La Iglesia Cuerpo y Esposa de Cristo
“Siendo Cristo la luz de las gentes...”
Una relectura cristológica de la Lumen Gentium.
Primera predicación de Adviento del padre Raniero Cantalamessa, ofmcap a la
Curia Romana 04 de diciembre de 2015
1. Una eclesiología cristológica
La feliz ocasión del quincuagésimo aniversario de la conclusión del Concilio
Vaticano II me sugirió la idea de dedicar las tres meditaciones de Adviento
a una revisión del acontecimiento conciliar, en sus principales contenidos.
En concreto, me gustaría hacer una reflexión sobre cada uno de los
principales documentos del Concilio, que son las cuatro constituciones sobre
la Iglesia (Lumen Gentium), sobre la Liturgia (Sacrosanctum Concilium),
sobre la Palabra de Dios (Dei Verbum) y sobre la Iglesia en el mundo
(Gaudium et Spes).
Lo que me dio la valentía de enfrentar, en tan poco tiempo, temas tan vastos
y debatidos fue un hallazgo. Del Concilio se ha escrito y hablado sin fin,
pero casi siempre sobre sus implicaciones doctrinales y pastorales; pocas
veces sobre sus contenidos estrictamente espirituales. Yo quisiera, sin
embargo, centrarme exclusivamente en ellos, tratando de ver lo que aún tiene
que decirnos el Concilio en cuanto textos de espiritualidad, útiles para la
edificación de la fe.
Comenzaremos dedicando las tres meditaciones de Adviento a la Lumen Gentium,
reservando el resto para la próxima Cuaresma, si Dios quiere.

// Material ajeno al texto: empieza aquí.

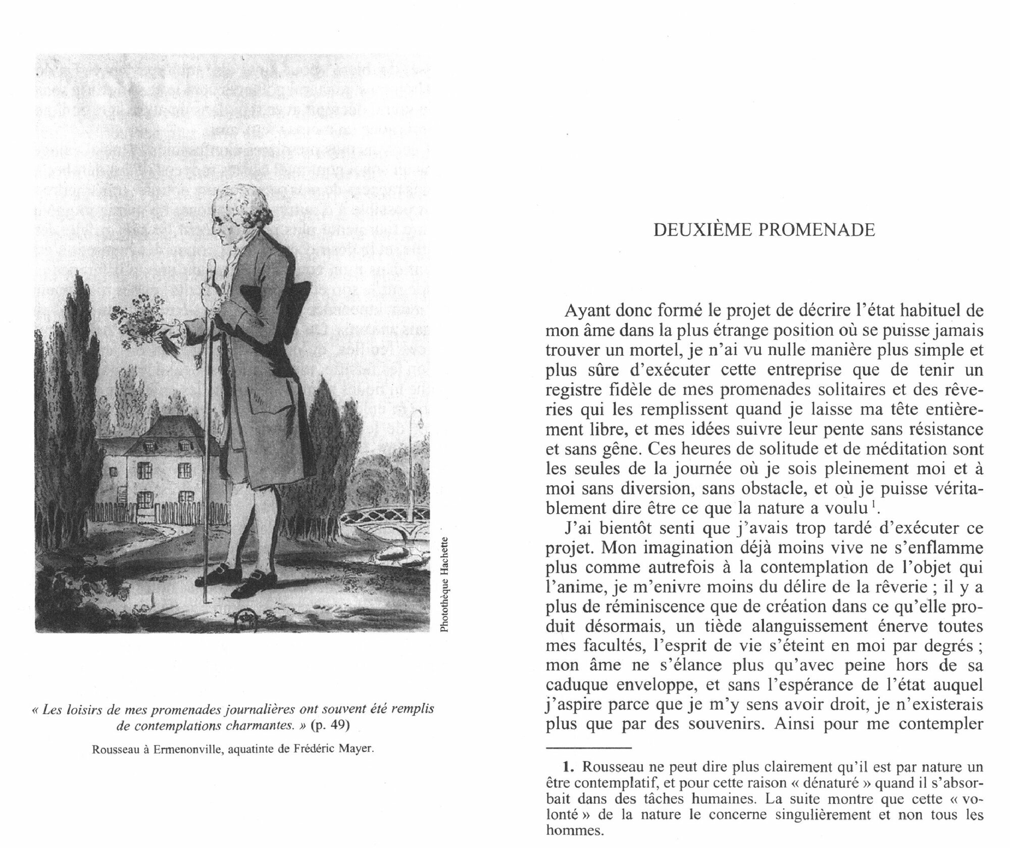 Mais ces meditations sont aussi des promenades ou la reverie devient expansion de l’etre, ou le contact avec la nature est source de bonheur dans la pure conscience d’exister. Une nouvelle maniere d’ecrire s’inaugure donc, un libre parcours sans effort que la ligne melodieuse d’une prose souvent poetique rend admirablement sensible. Ces Reveries que Rousseau nous laisse lorsqu’il meurt a Ermenonville en juillet 1778, il se peut ainsi qu’elles ne nous soient pas adressees : elles nous sont en tout cas destinees.

Los tres temas
de la constitución sobre los que quisiera reflexionar son la Iglesia
cuerpo y esposa de Cristo, la llamada universal a la
santidad y la doctrina sobre la Santísima Virgen.
La inspiración para esta primera meditación sobre la Iglesia me surgió al
releer, por casualidad, el principio de la constitución en el texto latino.
Este dice: “Lumen gentium cum sit Christus...”, “Siendo Cristo la luz de los
pueblos...”. Debo decir que, en mi confusión, yo nunca había prestado
atención a las enormes implicaciones de este comienzo. El hecho de haber
tomado como título de la Constitución solo la primera parte de la frase me
hizo pensar (y creo que no solo a mí) que el título “la luz de las naciones”
se refería a la Iglesia, mientras que, como vemos, se refiere a Cristo. Es
el título con el cual el anciano Simeón saludó al niño Mesías llevado al
templo por María y José: “Luz para los gentiles y gloria de tu pueblo
Israel” (Lc 2, 32).
En esa frase inicial está la clave para interpretar toda la eclesiología del
Vaticano II. Se trata de una eclesiología cristológica, y por lo tanto
espiritual y mística, antes que social e institucional.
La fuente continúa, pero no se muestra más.